Last week we saw two great exhibitions dealing with the relationship between culture and nature: Animismus at Haus der Kulturen der Velt and Biopolis:Wild Berlin at the Museum für Naturkunde.

Biopolis: Wild Berlin purports to “merge the notion of biodiversity and metropolis” focusing on wildlife in the city of Berlin.  This minimal exhibition, in terms of display design, relies on communicating a large amount of facts and figures surrounding urban wildlife through free standing signs. Common animals, like the red squirrel, rats, foxes, and falcons appear sporadically in taxidermy form rounding out the exhibition.

This was an exciting show for us to see right now, because it focuses so heavily on the relationship between the built environment and the wild environment. It challenges the popular conception that animals find more food and shelter in the countryside, and that they are a rare site in urban areas. There is an increasing prevalence of wildlife in close proximity to cities as the countryside evolves into an ordered, ecological wasteland devoted to industrial agriculture.

Animals find food and shelter in cities more easily relying on human waste, abandoned lots, and backyard gardens. Biopolis pointed out the inevitability of this relationship and looked at ways that people can design and plan cities accordingly. For example, many volunteer naturalists are working in Berlin to support various animals and habitat generating initiatives, including bringing back beaver populations, previously almost extinct in Germany. The Berlin municipality is also encouraging bat populations to hibernate in the city’s underground waterworks.

Berlin is especially conducive to providing habitat for wild species. According to the exhibition, support for nature is part of the city’s 800 year history. Berlin has large amounts of green space, in the form of gardens, parks, cemeteries, waterways, and woods, with less people living in the city that it was originally designed for. Everything from foxes to wild boar roam the city’s green spaces. The exhibition also mentions a new honey bee initiative in Berlin with thirteen hives being set up around the city with 50,000 bees apiece. One of these hives lives at the Museum für Naturkunde.

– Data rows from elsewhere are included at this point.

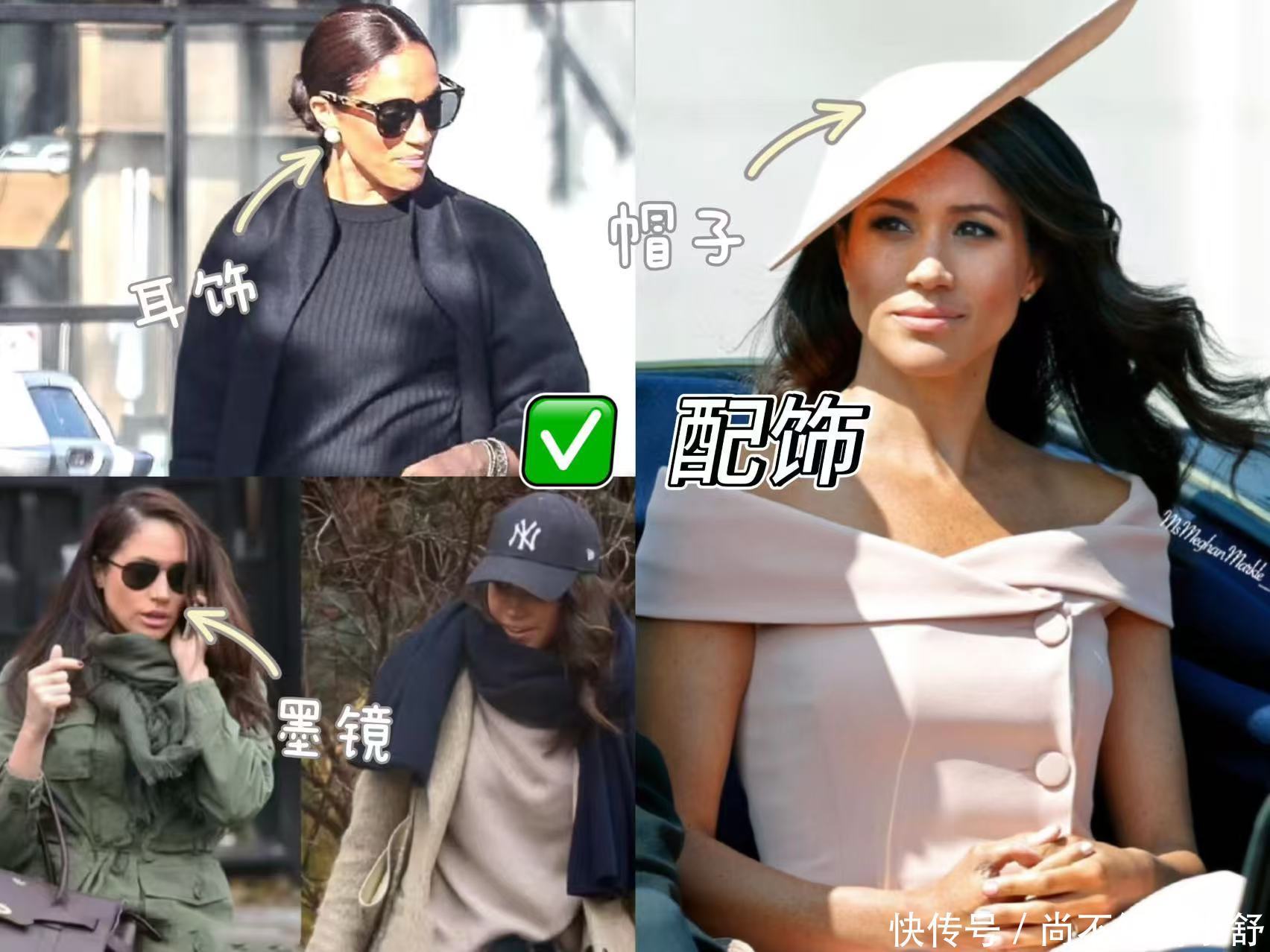配饰是点睛之笔,而非堆砌之物。请严格遵守“全身金属饰品不超过两件”的原则。过多的金属点缀会分散焦点,显得俗。瞧梅根会利用墨镜搭配耳饰,帽子搭配围巾,这种少而精的配饰,方能凸显材质本身的光泽与质感,提升整体造型的奢华底蕴。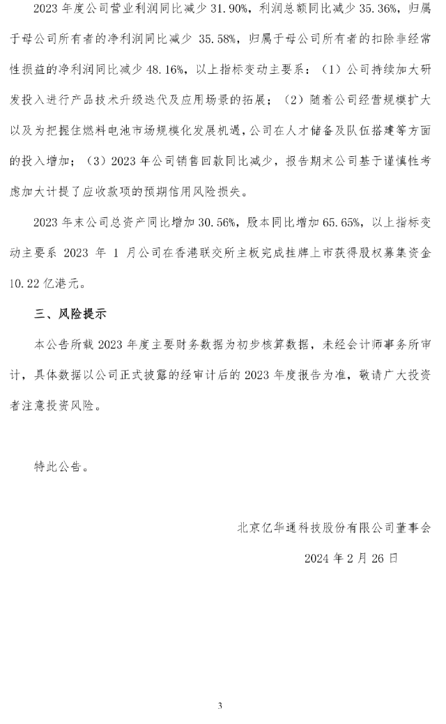 2月26日,亿华通发布2023年度业绩快报公告。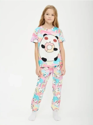 Детская пижама с брюками хлопок / P001_PandaPinkBlue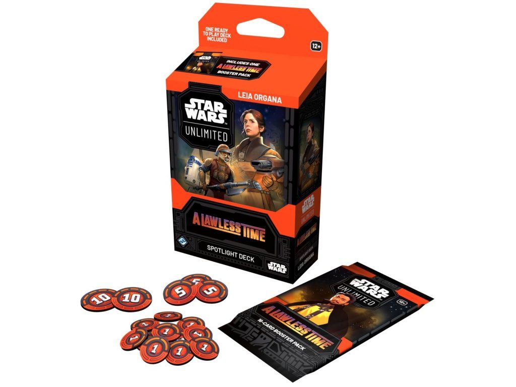 Star Wars Unlimited: A Lawless Time – Spotlight Deck: Leia Organa je predpripravený balíček kariet určený pre okamžité hranie. Deck je postavený okolo legendárnej vodkyne Rebelov Lei Organy a obsahuje vyváženú kombináciu jednotiek, udalostí a podpory pre strategickú hru. Produkt je vhodný pre nových hráčov aj fanúšikov Star Wars, ktorí chcú začať hrať bez nutnosti skladania vlastného balíka.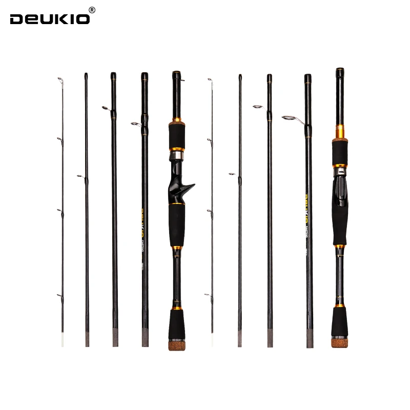 DEUKIO Baitcasting Spinning Travel Carbon 4/5 secciones cañas de pescar peso de fundición 5-20g potencia ultraligera señuelo trucha Mini poste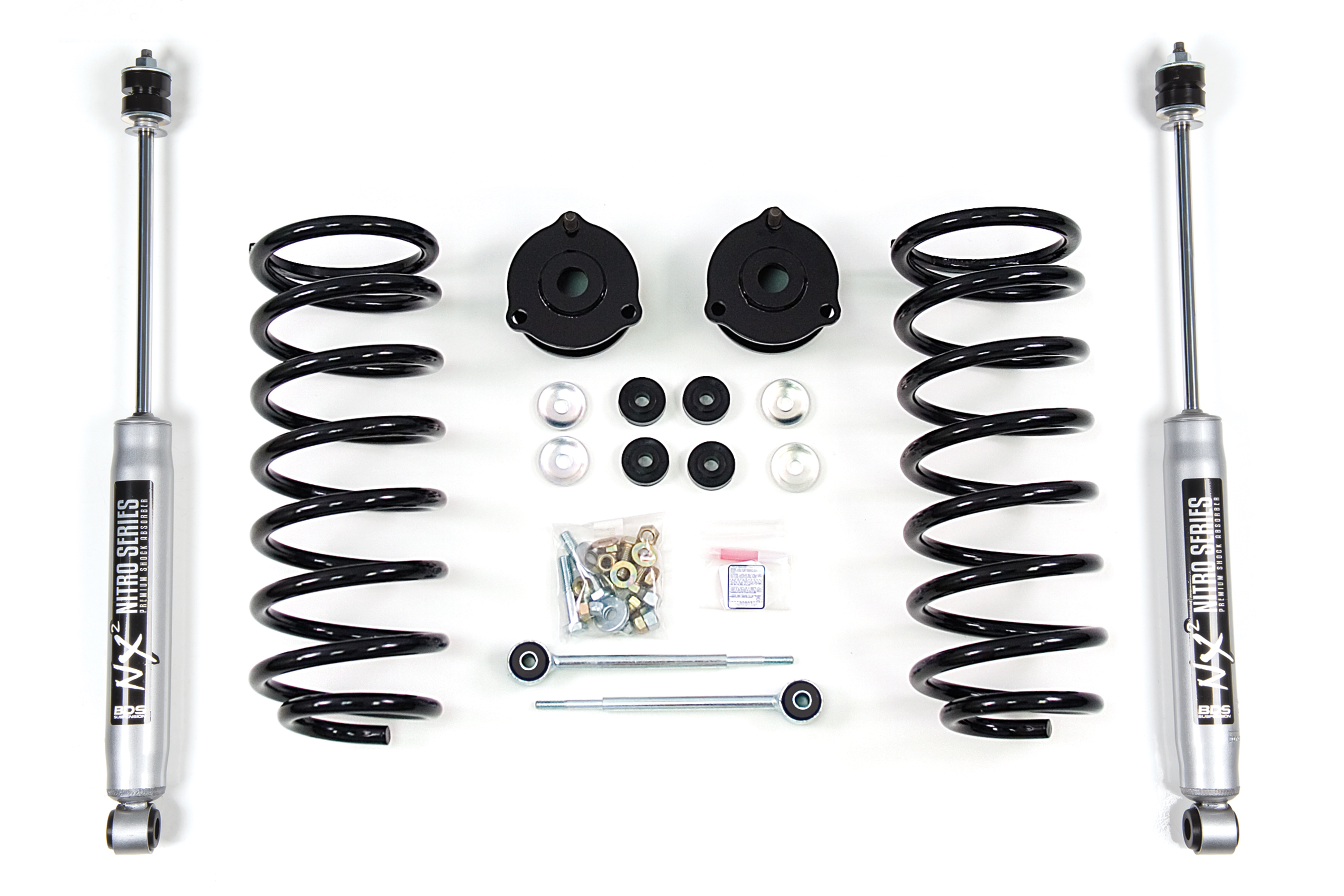 Up front the lift kit includes top mounted steel strut spacers. In the rear this kit utilizes custom tuned BDS Pro-Ride coil springs and rear sway bar links. With the new stance set, NX2 series nitro shocks are used to retain the ride quality and allow full articulation of the rear suspension.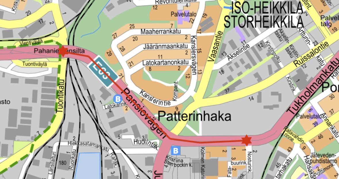 Asfaltin paikkaaminen jatkuu Pansiontiellä 10. lokakuuta saakka Pahaniemensillan ja Nosturinkadun välillä.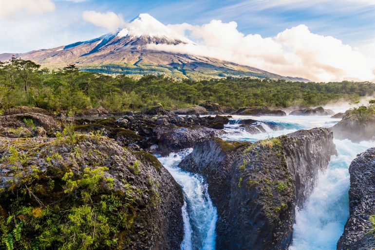 ■ 트레킹 루트 : 에메랄드빛 폭포 뒤로 펼쳐진 오소르노 화산을 조망하고 화산활동으로 생겨난 숲길을 걷습니다.
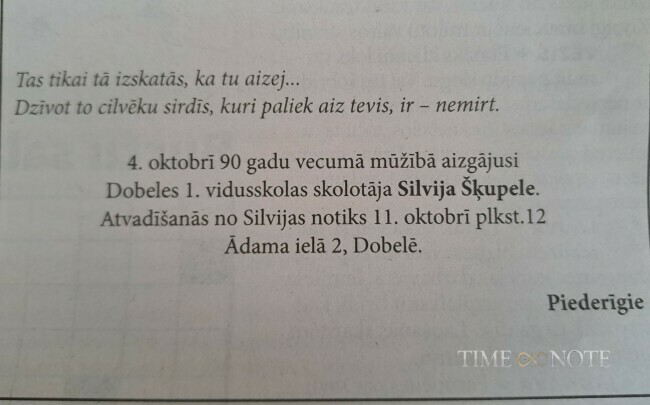 Silviju Šķupeli par savu pirmo skolotāju sauc vairāku paaudžu dobelnieki, atceroties ne vien skolotājas mīļumu, bet arī stingrību un prasīgumu. Šā gada 4. oktobrī, tieši Skolotāju dienas priekšvakarā, Silvija Šķupele ir devusies mūžībā.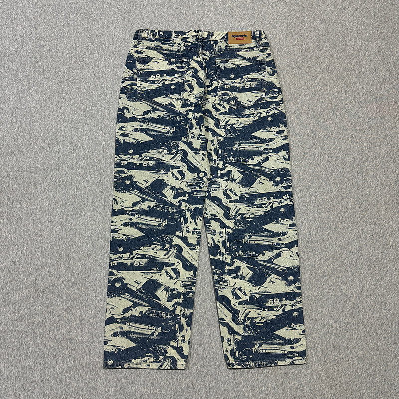 Eleve seu estilo com a Calça Jeans Baggy Supreme® Ft Hysterical Glamour Cars na cor Washed Indigo. O caimento solto e o estilo de perna larga a tornam perfeita para qualquer ocasião casual. A calça jeans é feita de algodão de alta qualidade com detalhes bordados e o logotipo da Supreme®.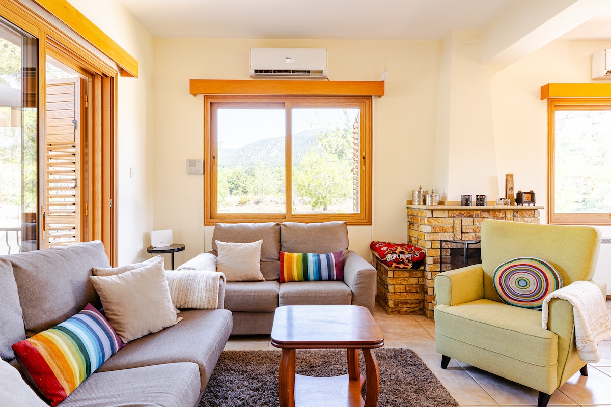 Elle est située dans un endroit impressionnant au cœur de Chypre (à 15 minutes de Troodos, 30 minutes de Limassol, 55 minutes de Nicosie). Grâce à son emplacement unique, vous pouvez profiter du soleil sans ressentir la chaleur. C'est un choix parfait pour les voyageurs qui veulent se détendre et aussi pour les voyageurs qui veulent voyager à travers Chypre ! Tous nos clients peuvent consulter un guide qui montre de merveilleux endroits à visiter que seuls les habitants connaissent !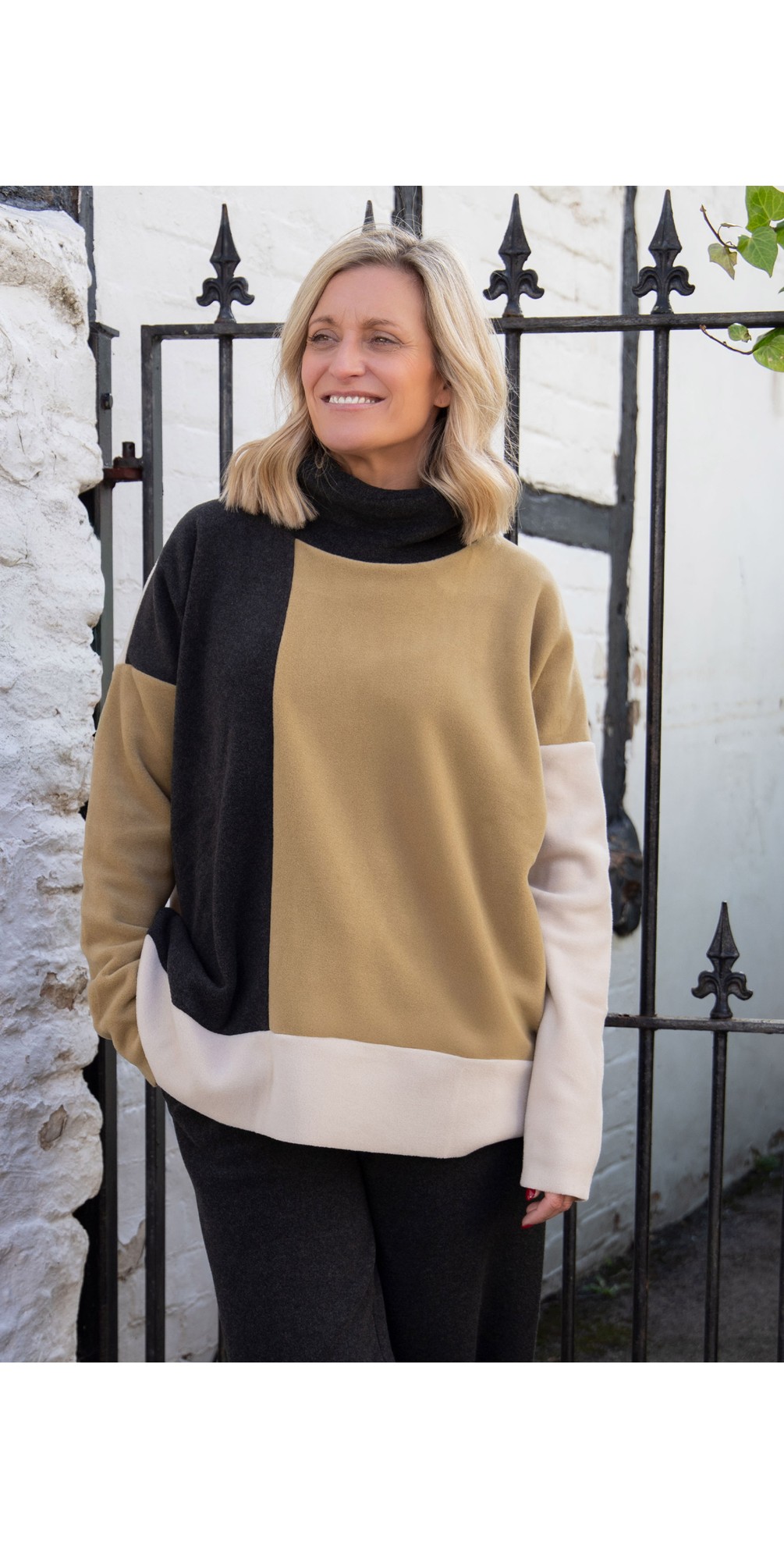 The High Neck Patch Fleece Sweater from Henriette Steffensen is a colour-block fleece jumper in their signature cosy fleece fabric. Boasting a high neckline, boxy silhouette and long sleeves with side slits, this jumper provides an effortless and unique look. Layer over trousers, skirts or jeans this season.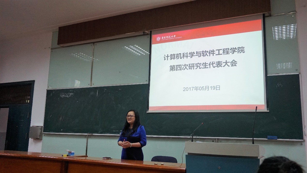 5月19日下午,计算机科学与bat365中文官网入口第四次研究生代表大会在数学馆113阶梯教室正式召开。学院党委副书记兼副院长洪燕、团委书记朱丹、研究生辅导员张炜帆、金映辉、刘国艳、杨文彧,校研究生会主席以及院研究生代表们出席了本次会议。为确保会议顺利召开,研究生会于18日晚在理科楼B224召开此次大会的准备会议,会上强调了班级建设和研究生会建设的融合推进,并确认了正式会议的各项流程,为开好本次大会做好充分的准备工作。
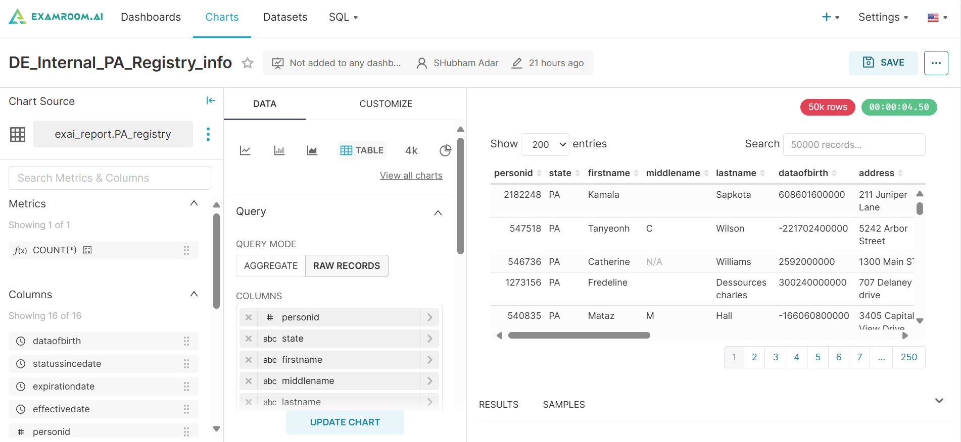 - Click the exam hyperlink in the Name column to view the Chart section.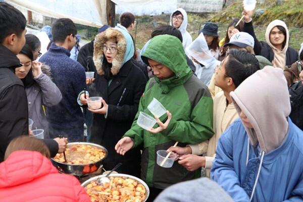 抵達冶勒湖后,因為大巴車只能抵達門口,所以同學們只能徒步一段距離,由領隊帶領大家前往營地安營扎寨,在此途中同學們都乖乖的聽著領隊的指揮:不靠近湖泊懸崖邊緣!搭建好帳篷后,同學們開始了盡情的玩耍!等到17:00左右同學們回到了營地開始準備晚餐,同學們切菜的切菜,燒水的燒水,燙著火鍋唱著歌一起度過一個美好的夜晚。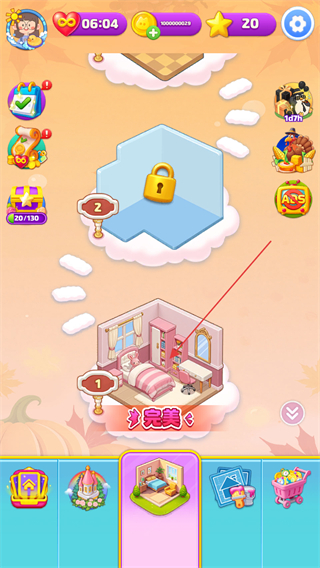 1、打開時尚房間游戲,消耗愛心數(shù)量點擊房間關卡進入游戲挑戰(zhàn)。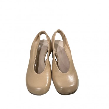 Chanel da donna a punta quadrata in morbida pelle delavè old rose (carne) con cinturino riverse tamponato e cucito a mano.
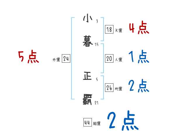 外運![]() | 小暮正覇さんの外運は24画の5つ星!家庭運が良く順調な人生。金運にも恵まれる。 生活面を象徴する運勢です。外部から受ける影響力を表し、結婚運、家庭運や職場、環境への順応性を表します。 |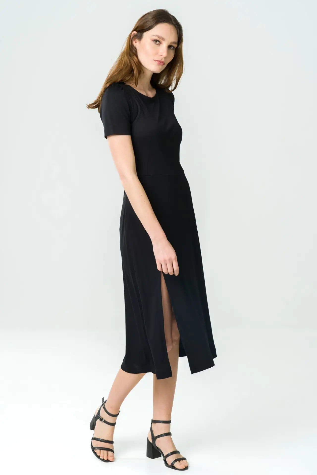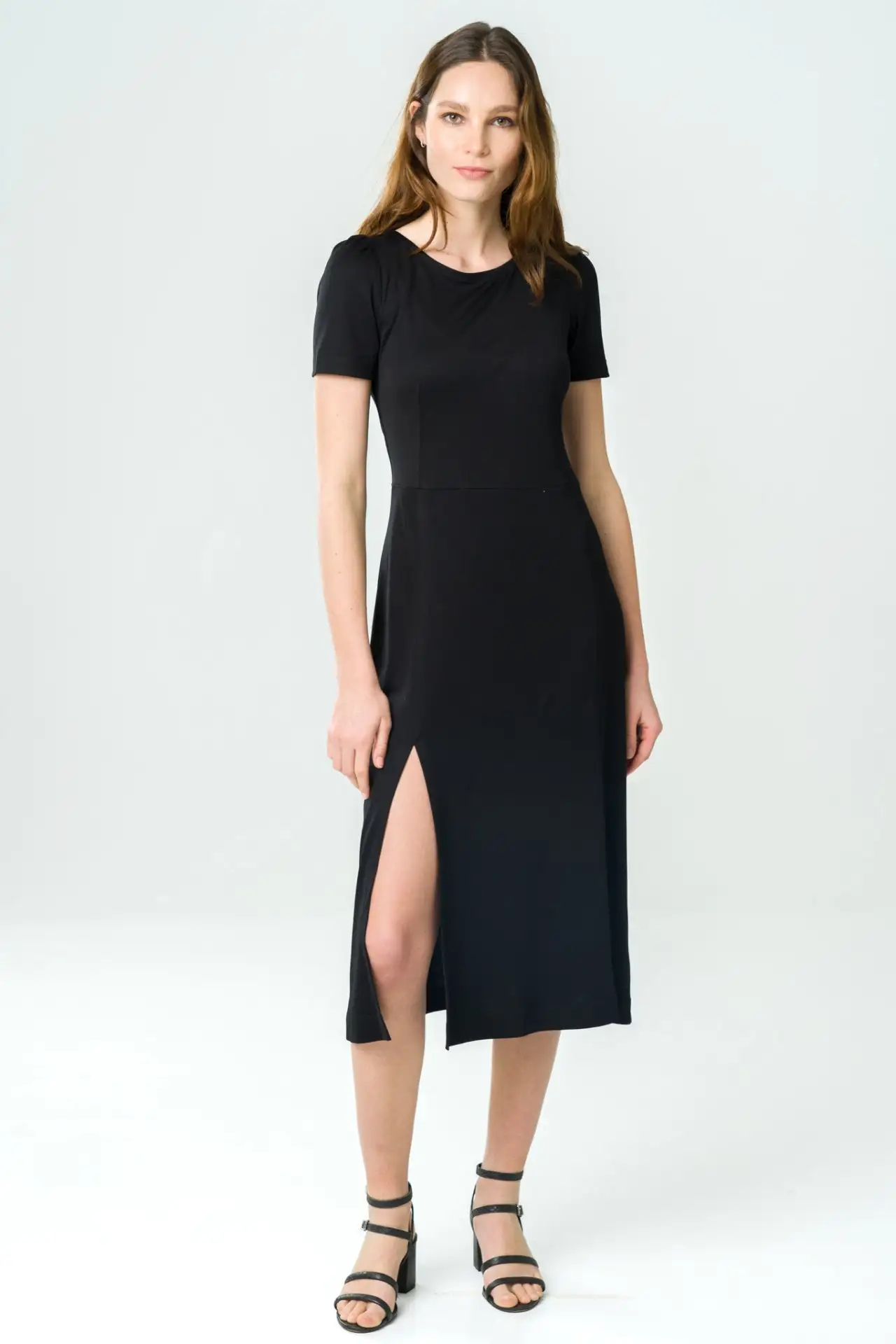 Robe rond mi-longue à la coupe cintrée et fendue sur le côté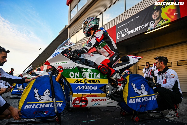 Για να τιμήσει αυτό το ορόσημο, η Michelin παρουσίασε το αποκλειστικό σχέδιο “Race to VISION” στο πέλμα και τα πλαϊνά των ελαστικών MotoE — μια παγκόσμια πρωτιά για slick ελαστικό — που απεικονίζει οπτικά τη δέσμευση του Ομίλου για το όραμα του 2050: παραγωγή 100% βιώσιμων ελαστικών.

Animism, or Animismus in German, considers the meaning of ‘nature’ and ‘culture,’ ‘subject’ and ‘object.’ The curatorial project for Animism is a re-examining of the pre-modern cosmological practice of projecting life on to inanimate objects, and to consider it in contrast to our current basic assumptions for the order of the universe. Anselm Franke, writing in the exhibition catalog, states that animism, as a meaning making practice, is the antithesis of our contemporary, Western dualistic conception of the world ‘based on a categorical separation of subject and object.’

The interesting thing about Animism was its juxtaposition of, for example, an animation of dancing skeletons by Walt Disney with the ersatz geological taxonomy of ‘petrified bacon’ by Jimmie Durham. The ‘petrified bacon’ being a large, tan and brown rock resembling a piece of cooked bacon. The exhibition combined a broad range of archival and contemporary pieces together, a thrilling intellectual project that blurred many cultural and historical boundaries.

The best, and for me, most apt inclusion was Paulo Tavares film installation, Non-Human Rights (2011/2012) documenting the new Ecuadorian constitution granting legal rights to nature on the same level as human beings. This was a story we followed closely last year for its radical redefinition of fundamental rights under law. Rocks, rivers, mountains, and the like all have equal standing under this new constitution, which the exhibition catalog calls an ‘animist legal conception.’

We would desperately like to see more exhibitions like this in Copenhagen instead of vapid vanity exercises like, for example, the recent show of Bob Dylan’s paintings at Statens Museum for Kunst, or the Queen’s abysmal attempts at making art. Serious discourse that embeds art in a larger conversation is severely lacking in Denmark on both the underground and State levels.

Overall, these were two really exciting exhibitions that posit different ways of conceiving of our understanding surrounding our relationships with the natural world.